Yes. Every query filters by workspace_id, and Admaxxer always supplies your workspace_id from the authenticated session. A query for your data cannot return another customer’s rows, and vice versa. An automated test suite pins the cross-workspace boundary with explicit cases.
Q: Does the Admaxxer server share the admin token with the browser?
No. The credentials live in server configuration only. Every browser-bound response is regular JSON; the warehouse host and the bearer token are not exposed to client code. The browser talks only to Admaxxer’s own /api/v1/* routes.
Q: Why does the source code still have a JWT-mint helper if every route now proxies?
The future widget surface needs it.
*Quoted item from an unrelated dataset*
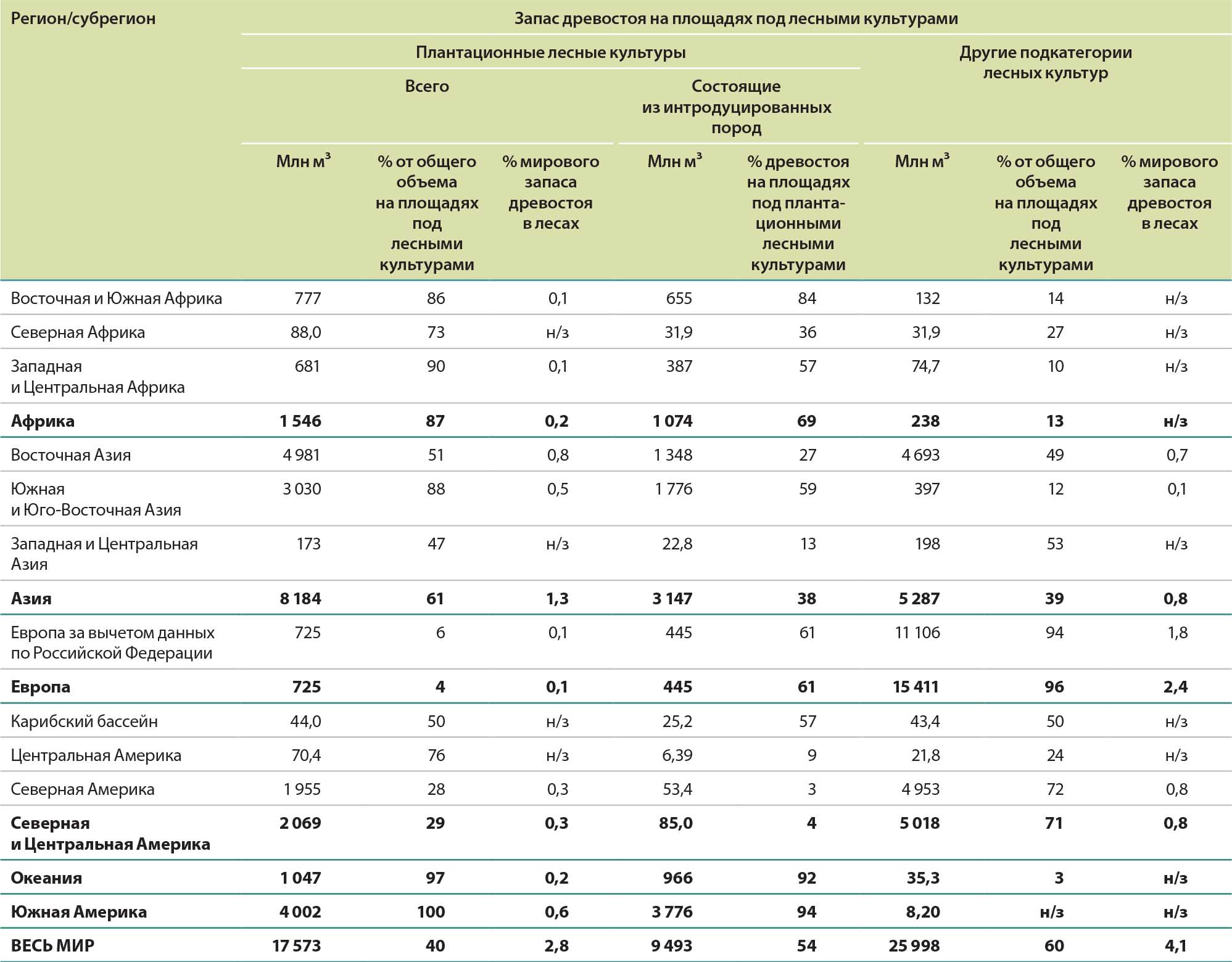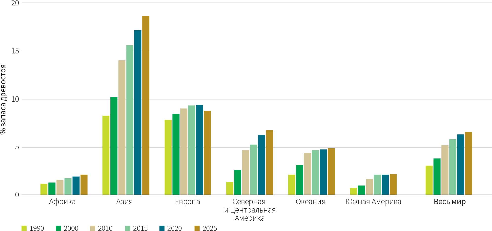 В 2025 году на плантационные лесные культуры приходится 3 процента запаса древостоя в лесах мира и 40 процентов запаса древостоя на площадях под лесными культурами (таблица 40). На другие подкатегории лесных культур приходится 4 процента от суммарного запаса древостоя в лесах и 60 процентов от суммарного запаса древостоя на площадях под лесными культурами.
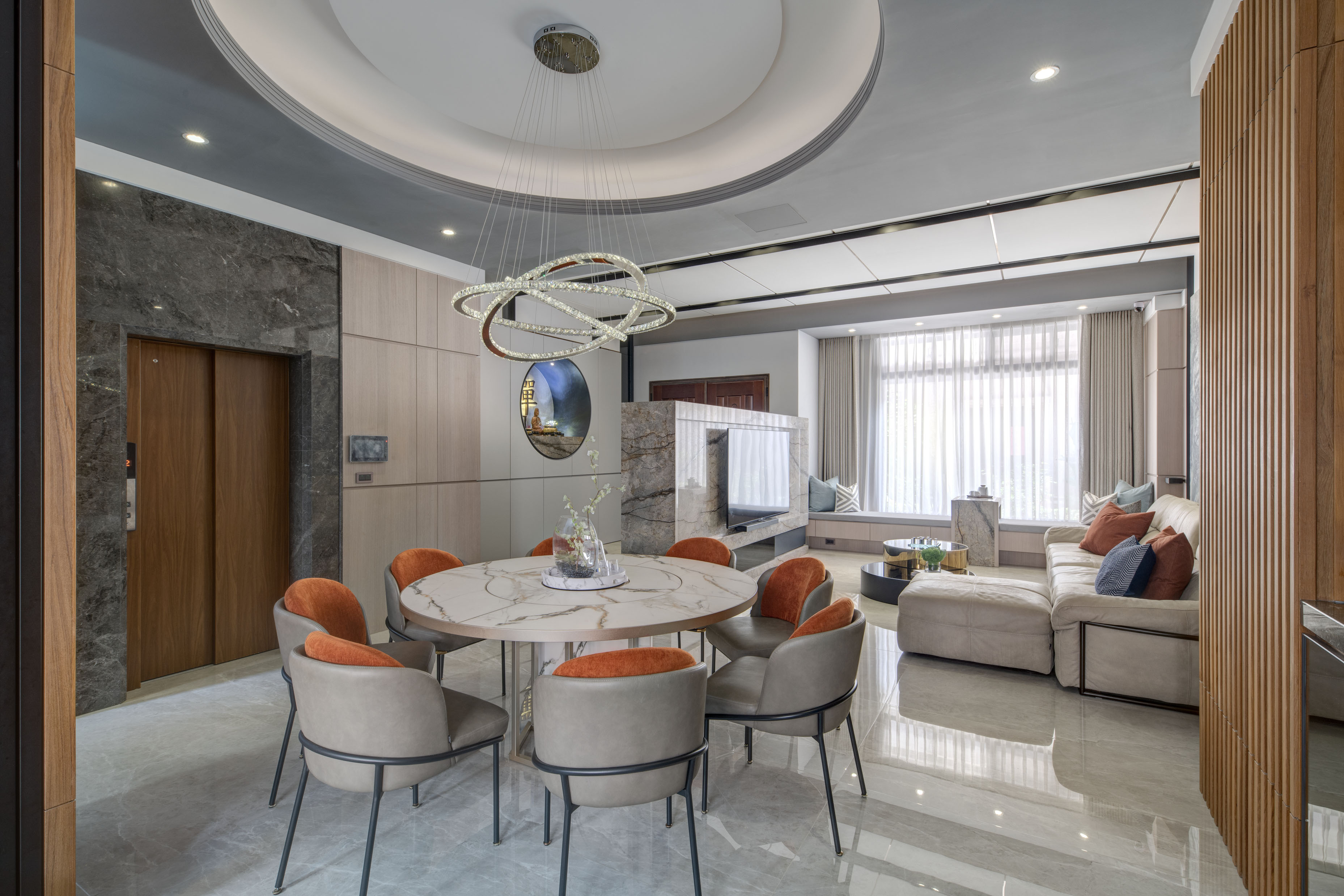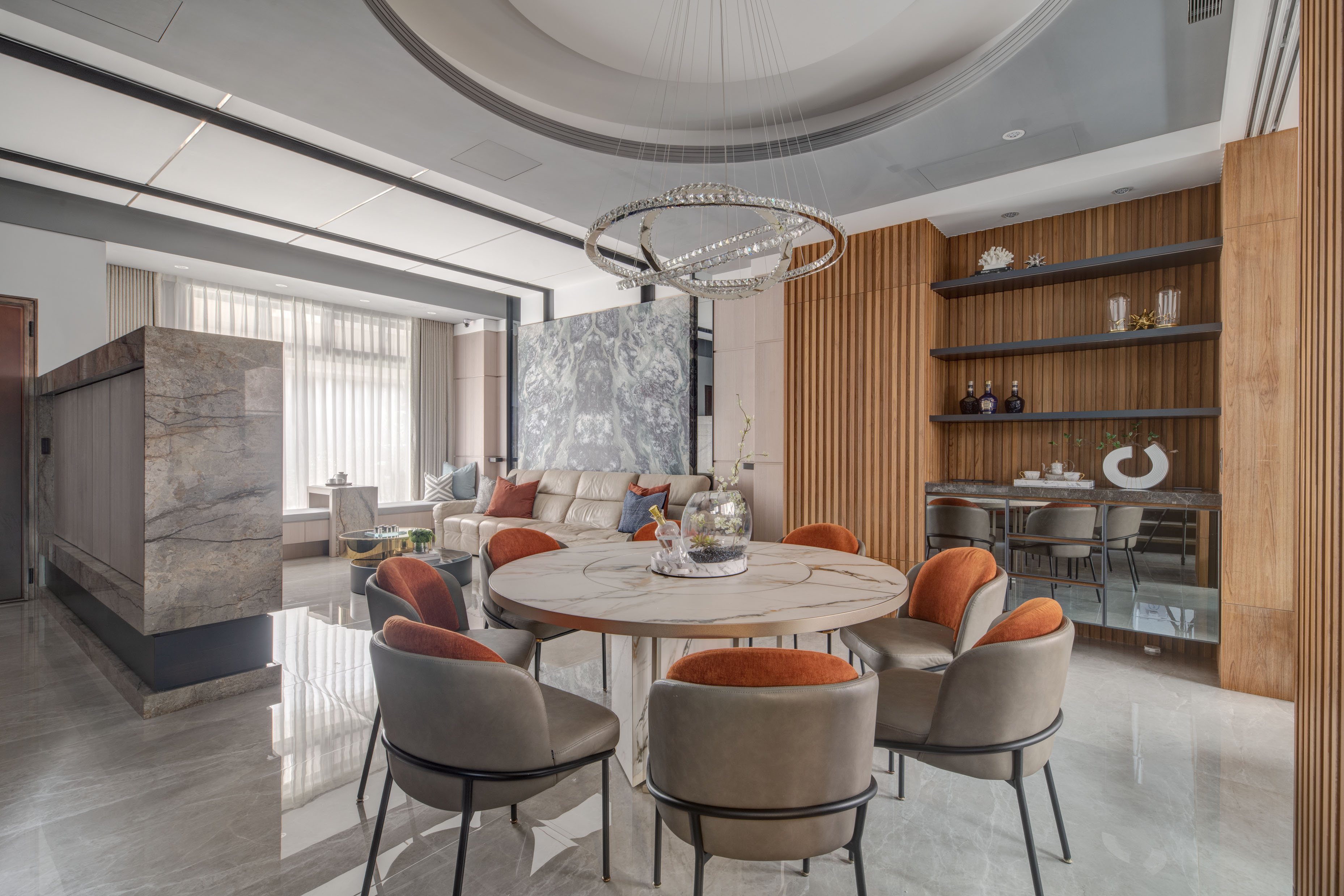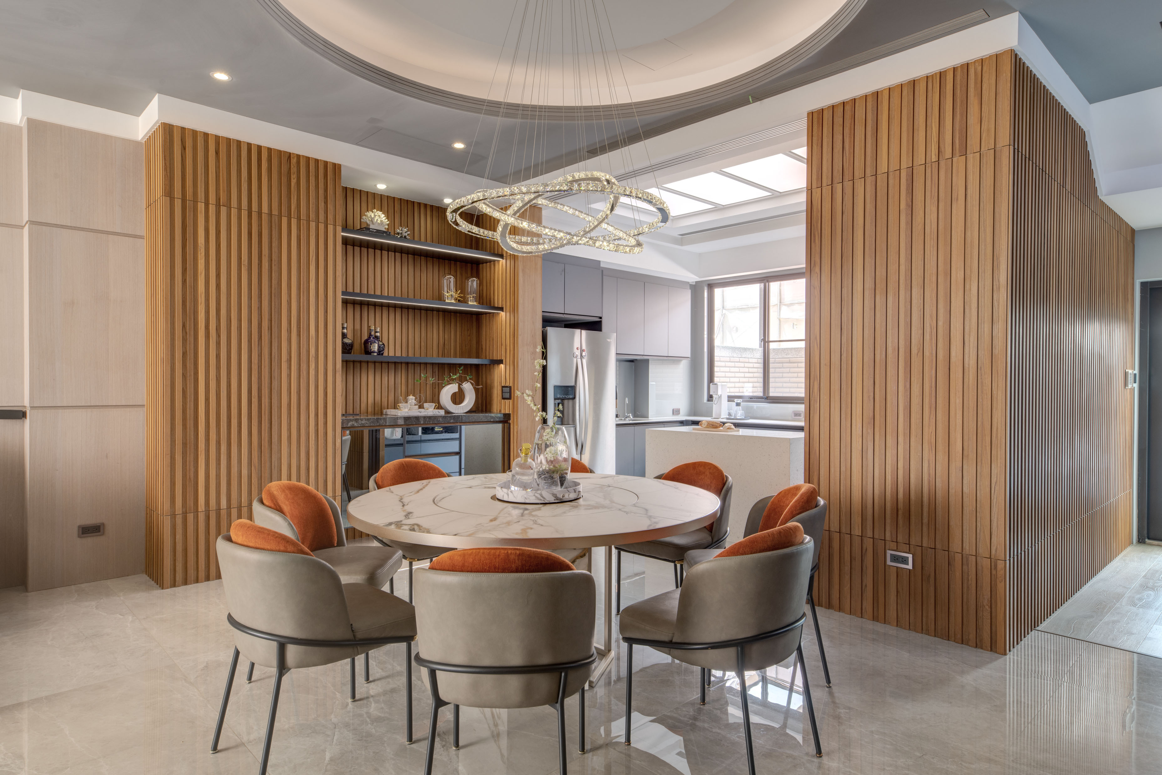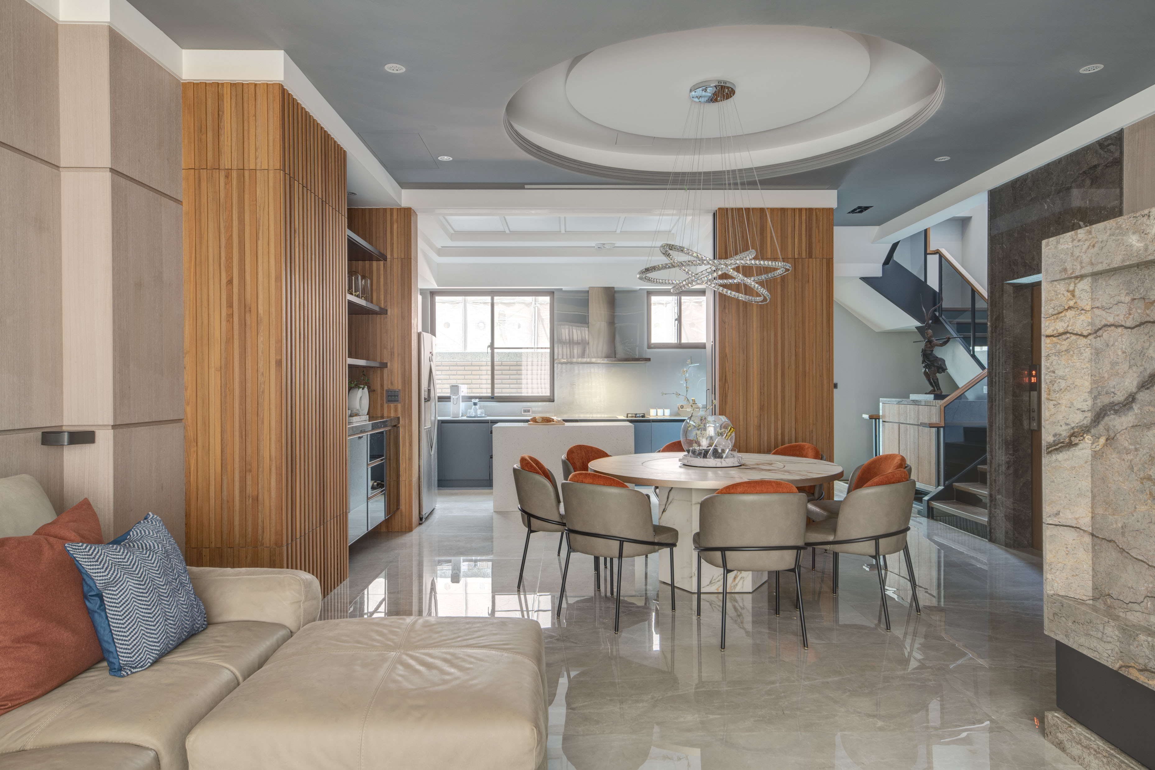 项目定位:以「現代輕奢 × 人文雅韻」為核心定位,透過石材的沉穩質感、木質的溫潤語彙及光影層次的引導,形塑出兼具精品酒店質感與居家溫度的生活場景。設計策畫以居住者的日常體驗為主軸,將寧靜、秩序與舒適集結於一體,並以圓形餐區與視覺焦點牆面構成空間主視覺,使整體風格在柔與剛、冷與暖之間達到平衡與高度辨識度。

Browser-issued tokens for embeddable dashboards must be JWTs — an admin token would leak workspace-wide admin access if exposed to a browser. The mint helper will be wired up to that surface only, once our analytics warehouse’s workspace JWT secret is rotated to match the analytics credentials configured in our infrastructure. Until then it sits dormant. Both the dashboard route and the public REST API used to call it; both were collapsed to the proxy pattern in GL#318 to fix dead-on-arrival 401s.
Q: What happens if the analytics credentials are missing or invalid?
Every dashboard endpoint returns data_status: 'missing_config' with HTTP 503 — the React app shows an inert shimmer state with a banner directing the workspace owner to contact support. We deliberately don’t fall through to a no-auth warehouse call (which would be a security smell). Missing config is an ops issue surfaced explicitly, not a silent degradation.
Q: How do I rotate the admin token?
Two steps. (1) in our analytics warehouse settings, generate a new admin token. (2) Update the analytics-credentials secret in our infrastructure and redeploy — takes ~3 minutes. The old token can be revoked from the same settings page once the deploy lands. The underlying query definitions are unaffected by token rotation.